* INPUT DATA
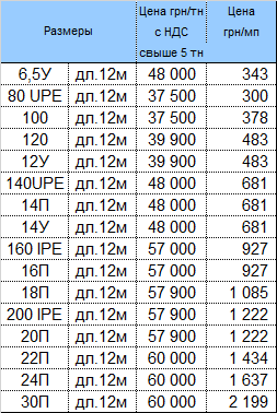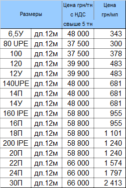 Довжина швелера (Київ) може бути кратною, мірної, або
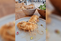 De gerechten zijn veelal seizoensgebonden en overal proeft u de aroma’s van het Akarnanika gebergte en de zilte smaak van de Ionische Zee en de Ambracische Golf weer terug. Of het nu gaat om tiropita met huisgemaakt bladerdeeg en lokale feta, gevulde wijnbladeren, een visplateau met de vangst van de dag of langzaam gegaard lamsvlees met aromatische kruiden, een ding is zeker: in de gezellige ambiance van Yacht Club Paleros kunt u heerlijk en eerlijk eten!
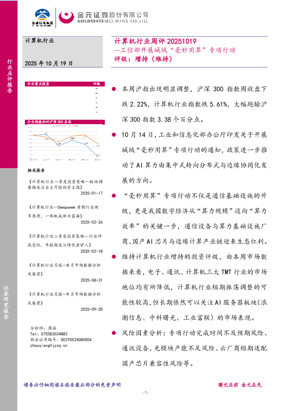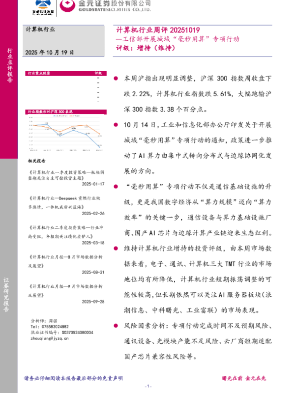 【金元证券】【202510】计算机行业周评 20251019—工信部开展城域“毫秒用算”专项行动-12页
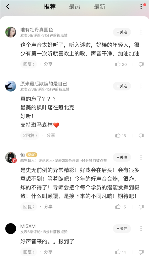 原创作品《真的忘了》上线酷狗音乐后,网友们纷纷涌入评论区“报到”,并高呼“今晚好声音的惊喜”,少年们的声音干净动听,“第一次听就喜欢上”,简直听入迷了!
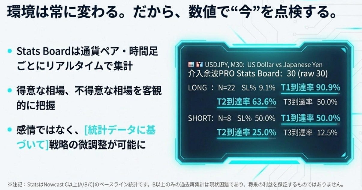 • 統計ダッシュボード(Stats Board):判断の補強(置き換えではない)
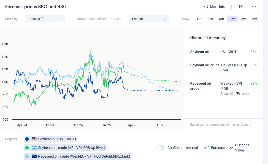 بالنظر إلى المستقبل، يمكن أن تستفيد أسعار أمريكا اللاتينية من التوترات التجارية بين الصين والولايات المتحدة، في حين من المرجح أن تعاني بورصة شيكاغو التجارية (CBOT). نتيجة لذلك، تظل النظرة طويلة الأجل هبوطية لزيت فول الصويا في بورصة شيكاغو التجارية (CBOT) ولكنها مستقرة لزيت فول الصويا الأرجنتيني. تشير Oilworld أيضًا إلى أن هناك مجالًا للنمو في زيت فول الصويا (يفترض زيت فول الصويا الخام في الأرجنتين؟).
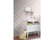 Béžové vliesové tapety na zeď, nádech do růžové, bílé, béžové a šedé linie.
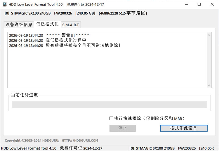 HDD Low Level Format Tool是一款功能实用、操作简单的硬盘低级格式化工具,在电脑硬盘维护、数据安全处理等场景中有着重要的使用价值。在日常使用电脑的过程中,硬盘容易出现数据残留、逻辑故障等问题,普通的格式化方式无法彻底清理,而这款工具能够从底层完成硬盘的格式化处理,满足用户彻底清除数据、修复硬盘基础故障的需求。软件的界面设计简洁清晰,操作流程直观易懂,不需要用户具备专业的电脑技术知识,就能按照步骤完成相关操作。它兼容市面上主流品牌的硬盘设备,覆盖多款经典与新款硬盘产品。
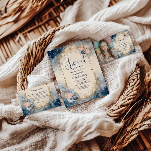 A dreamy Sweet Sixteen design inspired by Art Nouveau illustration and celestial night skies. Soft ivory tones blend with deep blue accents, hand-painted florals, and delicate gold-style details for an elegant, almost storybook feel.
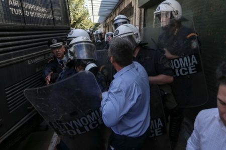Οι αστυνομικοί τους απώθησαν, με αποτέλεσμα να υπάρξουν μικρο-συμπλοκές.
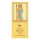 Customise the front for your church, school, or organisation and add your text to the blank back of this versatile hand-out.   +   Image Source (RLS 05):  Antique image of St. James the Great(er) in chromolithography with gilt accents from Red Letter Saints:  Being a Series of Biographies of those Saints for which Proper Collects, Epistles and Gospels are appointed in the Book of Common Prayer.  Printed by E. Kaufmann, Lahr, Baden, Germany, for the Society for Promoting Christian Knowledge / S.P.C.K.  (London, 1911), p. 50.  From the designer’s private library.   +  Feast:  July 25   +   Text is in dark red-brown (#460000) which matches the figure's outline.   +   The ‘Red Letter Saints’ palette is the same for all nineteen images from the book with minor variations.  It consists of the following colours (with hex codes):  cream (#FEEFBE), medium yellow (#F1D168), medium yellow-green (#999954), medium light aqua (#ACCBB1), medium dark aqua (#8CAC98), mauve (#E6BEA5), salmon pink (#FAAE8B), peach (#F5BD94), brownish orange (#E48B11), beige (#E8C6A1), dark gold (#87722E), and dark red-brown (#460000).  Choose as you will!
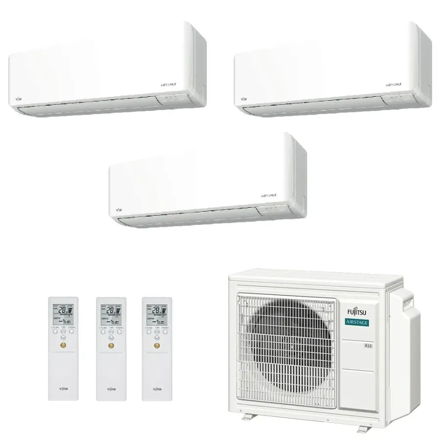 Climatizzatore Fujitsu Trial Split Serie KMCG WiFi 9000+12000+15000 Btu riscaldamento con pompa di calore con tecnologia inverter a basso consumo energetico
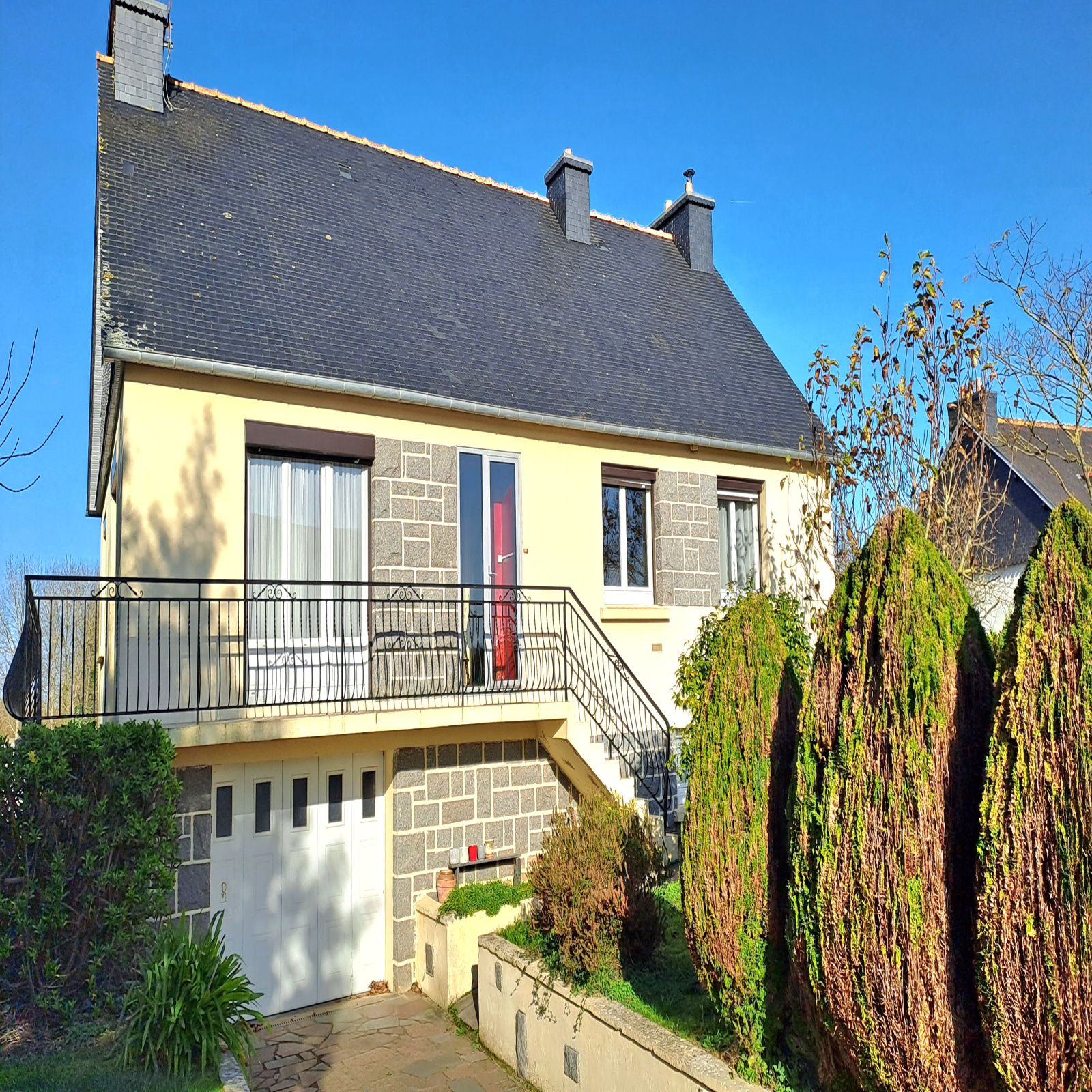 Venez découvrir cette Maison avec sous sol, lumineuse et ensoleillée. Profitez de ce bel espace de vie en PLAIN PIED avec son hall d'entrée, sa cuisine aménagée-équipée, son salon-séjour sur parquet (possibilité d'installer un poêle), Salle de bains, wc indépendant, 3 Grandes Chambres sur parquet. EN PLUS : Balcon en L, Combles aménageables, Toiture récente. SOUS SOL TOTAL bien agencé avec Garage, 2 Pièces isolées à aménager (location ou profession libérale), Buanderie/Cuisine, Chaufferie avec wc et chaudière. Terrain clos, fleuri et arboré + petit verger. Cette habitation se trouve à 5 minutes de PONTRIEUX, 15 Minutes de PAIMPOL et 20 minutes de la gare de GUINGAMP. Renseignements et Visites au 02.96.37.87.34. www.laperle-immobiliere.fr

* EXERCISE OBJECTIVE
Return the listing verbatim; pictures are not part of the copy.

* TASK OUTPUT
 Довжина швелера (Київ) може бути кратною, мірної, або
 De gerechten zijn veelal seizoensgebonden en overal proeft u de aroma’s van het Akarnanika gebergte en de zilte smaak van de Ionische Zee en de Ambracische Golf weer terug. Of het nu gaat om tiropita met huisgemaakt bladerdeeg en lokale feta, gevulde wijnbladeren, een visplateau met de vangst van de dag of langzaam gegaard lamsvlees met aromatische kruiden, een ding is zeker: in de gezellige ambiance van Yacht Club Paleros kunt u heerlijk en eerlijk eten!
 【金元证券】【202510】计算机行业周评 20251019—工信部开展城域“毫秒用算”专项行动-12页
 原创作品《真的忘了》上线酷狗音乐后,网友们纷纷涌入评论区“报到”,并高呼“今晚好声音的惊喜”,少年们的声音干净动听,“第一次听就喜欢上”,简直听入迷了!
 • 統計ダッシュボード(Stats Board):判断の補強(置き換えではない)
 بالنظر إلى المستقبل، يمكن أن تستفيد أسعار أمريكا اللاتينية من التوترات التجارية بين الصين والولايات المتحدة، في حين من المرجح أن تعاني بورصة شيكاغو التجارية (CBOT). نتيجة لذلك، تظل النظرة طويلة الأجل هبوطية لزيت فول الصويا في بورصة شيكاغو التجارية (CBOT) ولكنها مستقرة لزيت فول الصويا الأرجنتيني. تشير Oilworld أيضًا إلى أن هناك مجالًا للنمو في زيت فول الصويا (يفترض زيت فول الصويا الخام في الأرجنتين؟).
 Béžové vliesové tapety na zeď, nádech do růžové, bílé, béžové a šedé linie.
 HDD Low Level Format Tool是一款功能实用、操作简单的硬盘低级格式化工具,在电脑硬盘维护、数据安全处理等场景中有着重要的使用价值。在日常使用电脑的过程中,硬盘容易出现数据残留、逻辑故障等问题,普通的格式化方式无法彻底清理,而这款工具能够从底层完成硬盘的格式化处理,满足用户彻底清除数据、修复硬盘基础故障的需求。软件的界面设计简洁清晰,操作流程直观易懂,不需要用户具备专业的电脑技术知识,就能按照步骤完成相关操作。它兼容市面上主流品牌的硬盘设备,覆盖多款经典与新款硬盘产品。
 A dreamy Sweet Sixteen design inspired by Art Nouveau illustration and celestial night skies. Soft ivory tones blend with deep blue accents, hand-painted florals, and delicate gold-style details for an elegant, almost storybook feel.
Οι αστυνομικοί τους απώθησαν, με αποτέλεσμα να υπάρξουν μικρο-συμπλοκές.
 Customise the front for your church, school, or organisation and add your text to the blank back of this versatile hand-out.   +   Image Source (RLS 05):  Antique image of St. James the Great(er) in chromolithography with gilt accents from Red Letter Saints:  Being a Series of Biographies of those Saints for which Proper Collects, Epistles and Gospels are appointed in the Book of Common Prayer.  Printed by E. Kaufmann, Lahr, Baden, Germany, for the Society for Promoting Christian Knowledge / S.P.C.K.  (London, 1911), p. 50.  From the designer’s private library.   +  Feast:  July 25   +   Text is in dark red-brown (#460000) which matches the figure's outline.   +   The ‘Red Letter Saints’ palette is the same for all nineteen images from the book with minor variations.  It consists of the following colours (with hex codes):  cream (#FEEFBE), medium yellow (#F1D168), medium yellow-green (#999954), medium light aqua (#ACCBB1), medium dark aqua (#8CAC98), mauve (#E6BEA5), salmon pink (#FAAE8B), peach (#F5BD94), brownish orange (#E48B11), beige (#E8C6A1), dark gold (#87722E), and dark red-brown (#460000).  Choose as you will!
 Climatizzatore Fujitsu Trial Split Serie KMCG WiFi 9000+12000+15000 Btu riscaldamento con pompa di calore con tecnologia inverter a basso consumo energetico
 Venez découvrir cette Maison avec sous sol, lumineuse et ensoleillée. Profitez de ce bel espace de vie en PLAIN PIED avec son hall d'entrée, sa cuisine aménagée-équipée, son salon-séjour sur parquet (possibilité d'installer un poêle), Salle de bains, wc indépendant, 3 Grandes Chambres sur parquet. EN PLUS : Balcon en L, Combles aménageables, Toiture récente. SOUS SOL TOTAL bien agencé avec Garage, 2 Pièces isolées à aménager (location ou profession libérale), Buanderie/Cuisine, Chaufferie avec wc et chaudière. Terrain clos, fleuri et arboré + petit verger. Cette habitation se trouve à 5 minutes de PONTRIEUX, 15 Minutes de PAIMPOL et 20 minutes de la gare de GUINGAMP. Renseignements et Visites au 02.96.37.87.34. www.laperle-immobiliere.fr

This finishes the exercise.